162 S.E.2d 682, 2 N.C. App. 57, 1968 N.C. App. LEXIS 872
CourtCourt of Appeals of North Carolina
DecidedAugust 14, 1968
DocketNo. 68SC111
StatusPublished
Cited by2 cases

This text of 162 S.E.2d 682 (Rigby v. Clayton) is published on Counsel Stack Legal Research, covering Court of Appeals of North Carolina primary law. Counsel Stack provides free access to over 12 million legal documents including statutes, case law, regulations, and constitutions.

Bluebook
Rigby v. Clayton, 162 S.E.2d 682, 2 N.C. App. 57, 1968 N.C. App. LEXIS 872 (N.C. Ct. App. 1968).

Opinion

PARKER, J.

The sole question presented by this appeal is the constitutionality of G.S. 105-21, which reads as follows:

“A tax shall be assessed on the transfer of property, including property specifically devised or bequeathed, made subject to tax as aforesaid in this State of a resident or nonresident decedent, if all or any part of the estate of such decedent, wherever situated, shall pass to persons or corporations taxable under this article, which tax shall bear the same ratio to the entire tax which the said estate would have been subject to under this article if such decedent had been a resident of this State, and all his property, real and personal, had been located within this State, as such taxable property within this State bears to the entire estate, wherever situated. It shall be the duty of the personal representative to furnish to the Commissioner of Revenue such information as may be necessary or required to enable the Commissioner to ascertain a proper computation of his tax. Where the personal representative fails or refuses to furnish information from which this assessment can be made, the property in this State liable to tax under this article shall be taxed at the highest rate applicable to those who are strangers in blood.”

Appellants attack this statute as being unconstitutional on the grounds that, because it requires inclusion of property outside the State in the base upon which the North Carolina inheritance tax is computed, the necessary effect is to tax the outside property over which the State has no taxing jurisdiction. In support of their contentions appellants cite: Frick v. Pennsylvania, 268 U.S. 473, 45 S. Ct. 603, 69 L. ed. 1058; Treichler v. Wisconsin. 338 U.S. 251, 70 S. Ct. 1, 94 L. ed. 37; and refer to the dissenting opinion of Justice Holmes in Maxwell v. Bugbee, 250 U.S. 525, 40 S. Ct. 2, 63 L. ed. 1124. In considering appellants’ contention, a look at the history of [60]*60the statute and examination of the nature of the State’s inheritance tax will be helpful.

G.S. 105-21 is derived from a statute which first appeared in the North Carolina Revenue Act in 1921 (Sec. 12, Chap. 34, P.L. 1921). As originally enacted the statute applied only to estates of nonresident decedents who owned property within the state, and in those instances did not apply to specific bequests or devises. In 1925 the Legislature removed the proviso exempting application to property specifically devised and bequeathed (see Sec. 13, Chap. 101, P.L. 1925), and in 1937 broadened the statute to make it applicable to estates of all decedents, both resident and nonresident, who die owning property both within and without the state (see Sec. 19, Chap. 127, Session Laws 1937). Since 1937 the statute has remained in its present form.

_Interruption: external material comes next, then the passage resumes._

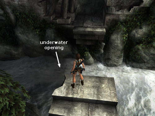 NOTE: I had no trouble just dropping from the ledge with the shotgun and floating downstream, but several players have reported that Lara will drown unless you jump out from the edge on the right side of the opening.
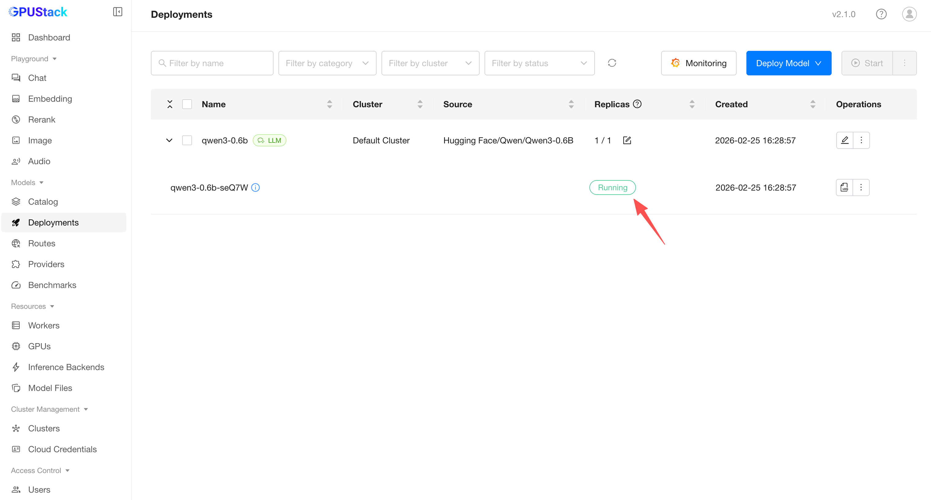 - GPUStack will start downloading the model files and deploying the model. When the deployment status shows

The 1921 Act was identical in language with and obviously was copied from a New Jersey statute which had been approved by the United States Supreme Court in a decision handed down in October, 1919, in the case of Maxwell v. Bugbee, supra. In that case the constitutionality of the statute was attacked on the same grounds appellants here assert to attack G.S. 105-21. A majority of the United States Supreme Court, however, found the statute constitutional. Justice Day, speaking for the majority, said (page 539):

“It is not to be disputed that, consistently with the Federal Constitution, a State may not tax property beyond its territorial jurisdiction, but the subject-matter here regulated is a privilege to succeed to property which is within the jurisdiction of the State. When the State levies taxes within its authority, property not in itself taxable by the State, may be used as a measure of the tax imposed. ... In the present case the State imposes a privilege tax, clearly within its authority, and it has adopted as a measure of that tax the proportion which the specified local property bears to the entire estate of the decedent. That it may do so within limitations which do not really make the tax one upon property beyond its jurisdiction, the decisions to which we have referred clearly establish. The transfer of certain property within the State is taxed by a rule which considers the entire estate in arriving at the amount of the tax. It is in no just sense a tax upon the; foreign property, real or personal. It is only in instances where the State exceeds its authority in imposing a tax upon a subject-matter within its jurisdiction in such a way as to really amount to taxing that which’ [61]*61is beyond its authority that such exercise of power by the State is held void.”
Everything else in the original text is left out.